Cellular V2X (C-V2X) is a 3GPP standard for V2X applications such as self-driving cars. It is an alternative to 802.11p, the IEEE specified standard for V2V and other forms of V2X communications.

Cellular V2X uses 3GPP standardised 4G LTE or 5G mobile cellular connectivity to exchange messages between vehicles, pedestrians, and wayside traffic control devices such as traffic signals. It commonly uses the 5.9 GHz frequency band, which is the officially designated intelligent transportation system (ITS) frequency in most countries. C-V2X can function without network assistance and exceeds the range of DSRC by about 25%.

C-V2X was developed within the 3rd Generation Partnership Project (3GPP) to replace DSRC in the US and C-ITS in Europe.

History 
In 2014, 3GPP Release 13 spurred studies to test the applicability of the then current standards to V2X. This resulted in the 3GPP Release 14 specifications for C-V2X communications, finalised in 2017. 3GPP Release 15 introduced 5G for V2N use-cases and 3GPP Release 16 includes work on 5G NR direct communications for V2V/V2I.

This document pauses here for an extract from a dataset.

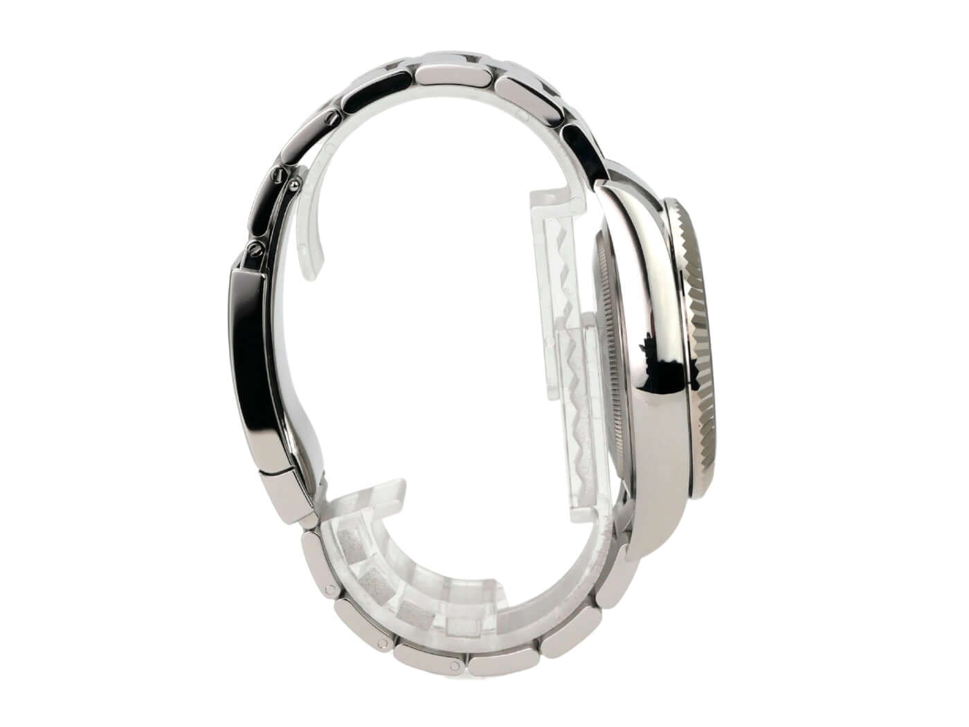 Gehäuse aus Edelstahl poliert und satiniert, Gehäusedurchmesser 42 mm, Gehäusehöhe 14 mm, in zwei Richtungen drehbare Ring-Command-Lünette aus 18 kt Weißgold, Oyster-Armband aus Edelstahl poliert und satiniert mit Oysterclasp-Faltschließe, blaues Zifferblatt mit aufgesetzten Leuchtindizes, Leuchtzeiger, Automatikwerk, Rolex Manufakturkaliber 9002 mit 40 Steine, Schwingung 28.800 A/h, Gangreserve für ca. 72 Stunden, Chronometer, SAROS Jahreskalender, Anzeige des Monats in Sichtfenster, kratzfestes Saphirglas, verschraubte Krone, verschraubter Edelstahlboden, wasserdicht bis zu 10 bar.

In Europe, the EU announced in July 2019 that it was adopting a technology-neutral approach to C-ITS, leaving the way forward for 4G, 5G and other advanced technologies to be part of V2X applications and services.

In the United States, the Federal Communications Commission proposed late in 2019 that 20 MHz and possibly 30 MHz of the 5.9 GHz band be allocated to C-V2X. In November 2020, this proposal was accepted, and the upper 30 MHz (5.895–5.925 GHz) were allocated to C-V2X.

Modes 

C-V2X has the following modes:

 Device-to-network: communication using conventional cellular links for vehicle-to-network (V2N) applications such as cloud services in end-to-end solutions
 Device-to-device: direct communication without the use of network scheduling for vehicle-to-vehicle (V2V), vehicle-to-infrastructure (V2I), and vehicle-to-pedestrian (V2P)  applications such as vulnerable road user protection and tolling

C-V2X mode 4 communication relies on a distributed resource allocation scheme, namely sensing-based semipersistent scheduling which schedules radio resources in a stand-alone fashion in each user equipment (UE).

Problems 
All the communications systems based on wireless communication suffer from the drawbacks, inherent to wireless communication, which are the limited capacities in various areas:

 Limited channels, This limit will affect especially metropolitan areas.
 Limited data rates,
 Wireless communication is susceptible to external influences, which may be hostile.
 In metropolitan areas, limits of data propagation due to surroundings such as buildings, tunnels and also Doppler effects, causing propagation speed reduction by repetitive transmissions required.
 The costs to provide a comprehensive appropriate network such as LTE or 5G are enormous.
 Possible abuse of this technology leading to mass surveillance.

Outlook 
The solution to handle the flow of data is expected to come from artificial intelligence. Doubts in artificial intelligence (AI) and decision making by AI exist.

Tests 
In April 2019 test and verification of communication elements took place on the EuroSpeedway Lausitz. Participants were Ford, Samsung, Vodafone, Huawei, LG Electronics and others. Topics were communication matters, especially interoperability, said to have been successful at 96%.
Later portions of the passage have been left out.